Third, we conducted AVONA on the roles and interactions scores. The results showed that the main effect of gender and the interaction of gender and specialty category were statistically significant, F(1, 106)=32.699, p<.001, F(2, 106)=4.067, p<.05, respectively, while the main effect of specialty category was not significant, F(2, 106)=1.218, p=.30, ns. In the main effect of gender, males scored significantly higher than females. To examine the interaction effect, we conducted simple effect tests and found that there was a significant between-group difference in medical and surgical specialties, F(1, 40)=21.183, p<.001, and F(1, 47)=41.168, p<.001, respectively, with males scoring significantly higher than females. On the other hand, there was no significant difference between the groups based on gender in the clinical support specialties, F(1, 19)=.401, p=.53, ns. Furthermore, there was a significant group difference by specialty in the male sample, F(2, 50)=8.173, p<.001. Post hoc analyses (Scheffe') revealed significantly lower scores for males in the clinical support specialties compared to internal medicine and surgery. However, there was no significant group difference in the female sample by specialty, F(2, 56)=.401, p=.67, ns.

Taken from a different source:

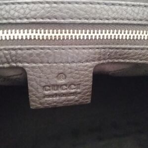 Features: Calfskin grain leather. Rolled leather shoulder straps. Signature Gucci Sherry Web Green & red Web stripes. Gucci embossed buckle snap front closure. Light gold hardware with adjustable buckles at sides. Spacious interior with pockets & authenticity tags inside. Metal feet on bottom for protection. Includes original xl Gucci dust bag.

Finally, we conducted AVONA on the disparities in work and life scores. The results showed that the main effect of gender and the interaction of gender and specialty category were statistically significant, F(1, 106)=42.963, p<.001, F(2, 106)=3.986, p<.05, respectively, while the main effect of specialty category was not significant, F(2, 106)=.806, p=.45, ns. In the main effect of gender, males scored significantly higher than females. To examine the interaction effect, we conducted simple effect tests and found that there was a significant between-group difference in medical and surgical specialties, F(1, 40)=28.935, p<.001, and F(1, 47)=45.449, p<.001, respectively, with males scoring significantly higher than females. On the other hand, there was no significant difference between the groups based on gender in the clinical support category, F(1, 19)=.892, p=.36, ns. Furthermore, there was a significant group difference in the male sample by specialty, F(2, 50)=7.743, p<.01. Post hoc analysis (Scheffe') revealed significantly lower scores for males in the clinical support specialties compared to internal medicine and surgery. However, there was no significant group difference in the female sample by specialty, F(2, 56)=.440, p=.65, ns. The differences in subtypes (subcomponents) scores of the PGBS according to gender and specialty category are presented in Figure. 2.